Physical Signs of Infant Brain Damage

The physical signs of infant brain injury or damage include:

• Head or skull that doesn’t seem to be the right size compared to the rest of the infant’s body (either too large or too small)
• Apparent swelling or bruising around the head
• Abnormal eye movements
• Seizures
• Low muscle tone
• Inability to sleep lying down
• Feeding problems

Cognitive or Developmental Signs of Infant Brain Damage

In some cases, you might not see immediate physical symptoms of infant brain injury or damage. However, as your baby grows, you might begin to notice cognitive or other developmental delays, including:

• Failure to meet milestones, such as rolling over, sitting up, or babbling
• Limp neck or an infant who cannot lift its head by six months
• Involuntary movements
• Difficulty speaking
• Short attention or memory span
• Lack of curiosity or interest in the environment or surroundings
• Trouble understanding social rules or behavioral consequences
• Lack of self-help skills or difficulty adapting to age-appropriate self-awareness
• Infantile behavior that persists despite age
• Lack of problem-solving or reasoning skills or difficulty thinking logically

Treatment Options For Infants With Brain Damage

Infant brain damage is not always easily recognized. Sometimes symptoms can be mild or delayed. However, in many cases, there are certain symptoms that you can watch for that might indicate your child suffered a brain injury at birth. These signs can be both physical and cognitive and include:

Medication designed to help with seizures or specific abnormalities

Physical therapy

Occupational therapy

Behavioral therapy

Cooling therapy

Surgery to help relieve pressure on the brain

Long-Term Care for Brain Damage Birth Injuries

You might have a long road ahead if your child experienced a brain injury at birth. Your child’s specific condition, including the type of brain damage, its severity, and the instances surrounding their injury, usually influences the prognosis. Your child’s doctor can give you a better idea of what to expect as your child grows, including their overall outlook, long-term goals, and the quality of life you can expect for your child.

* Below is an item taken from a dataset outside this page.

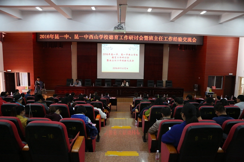 2016年11月12日上午,昆一中、昆一中西山学校德育工作研讨会暨班主任工作经验交流会在昆一中西山学校学术交流中心举行。昆一中党委书记、昆一中西山学校校长高富英首先致辞。高书记表示,把一中校本部和昆一中西山学校的全体干部和班主任老师聚集在一起,共同举办这次德育工作研讨会暨班主任工作经验交流会,对于提高班主任工作的能力和水平,进一步增强德育工作的针对性、实效性有着十分重要的意义。随后,昆一中和昆一中西山学校七位优秀班主任相继分享了他们的治班之策和育人之道。他们分别根据自己的班级情况和工作经验,以一个个真实、鲜活的典型案例,从不同角度,诠释了自己带班的理念和风格。让与会者从中感悟到了一名光荣的班主任高度的责任感和崇高的职业追求,领略到了各位班主任不同的工作艺术,也感受到了班主任工作中的辛劳与甘甜,更品味到了班主任的教育智慧和职业幸福。
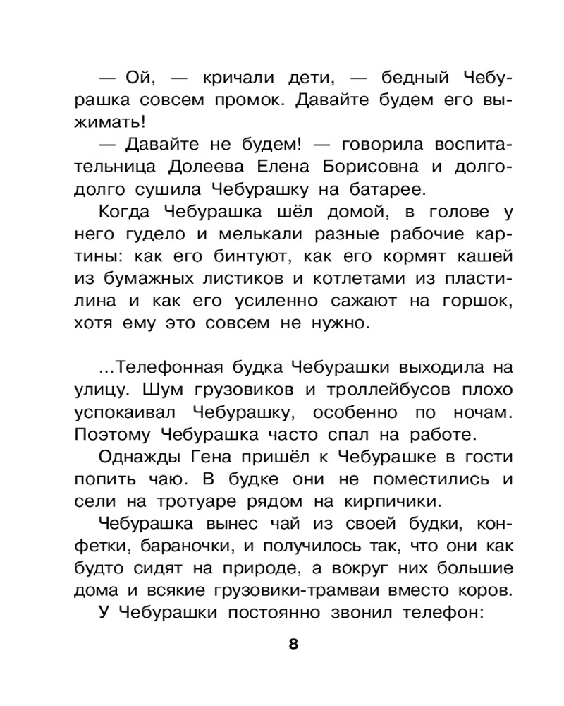 💳 Оплатить за товар можно при получении 🇰🇿 Есть бесплатная доставка по Казахстану от 1 дня 🎁 Копите бонусы с каждой покупки Серия: Лучшая детская книга Крокодил Гена и Чебурашка — знаменитые герои произведений детского писателя Эдуарда Успенского. В сказке «Похищение Чебурашки» авантюрные приключения двух друзей становятся ещё более захватывающими и опасными. На этот раз жизнь Чебурашки кардинально меняется, когда из тесной телефонной будки он переезжает в просторную квартиру и получает в подарок целых пять телевизоров! А вот к чему приведёт Чебурашку бесконечный просмотр телепередач — читатель узнает из этой книги. Яркие иллюстрации нарисовали Сергей Бордюг и Наталия Трепенок. Для младшего школьного возраста. |

No matter your infant’s prognosis, there are helpful resources and information that can provide support to you and your family. You can connect with other parents and experts, learn about your child’s brain injury and current research and treatment options, know what to expect, find support groups and financial guidance, apply for benefits, and more.

Check out the national resources or talk to your doctor about the options available in your local area and how they can help you devise a higher standard of care for your child while maintaining your own mental health and wellness as your child’s caregiver and advocate.

The Cost and Burden of Infant Brain Damage

Infant brain damage can place a considerable financial burden on your family. In addition to the costs of medical treatment, your infant might need around-the-clock care. For many parents, that means leaving a career to become a full-time caregiver or hiring specialized help, often a certified nursing assistant (CNA) or team of health care professionals, to properly care for your child.

Many parents of brain-damaged infants feel isolated as they struggle to care for their child. Also, you might have ongoing medical, rehabilitation, or physical therapy bills to manage, sometimes for the rest of your child’s life, meaning extending beyond the age of adulthood.

Some families might qualify for Supplemental Security Income (SSI) or a type of government assistance allocated to individuals with disabilities having little to no income. Additionally, if your child’s birth injury resulting in short- or long-term brain damage was due to physician or hospital staff negligence or wrongdoing, you might have legal recourse to recoup some of your financial harm stemming from the preventable injury.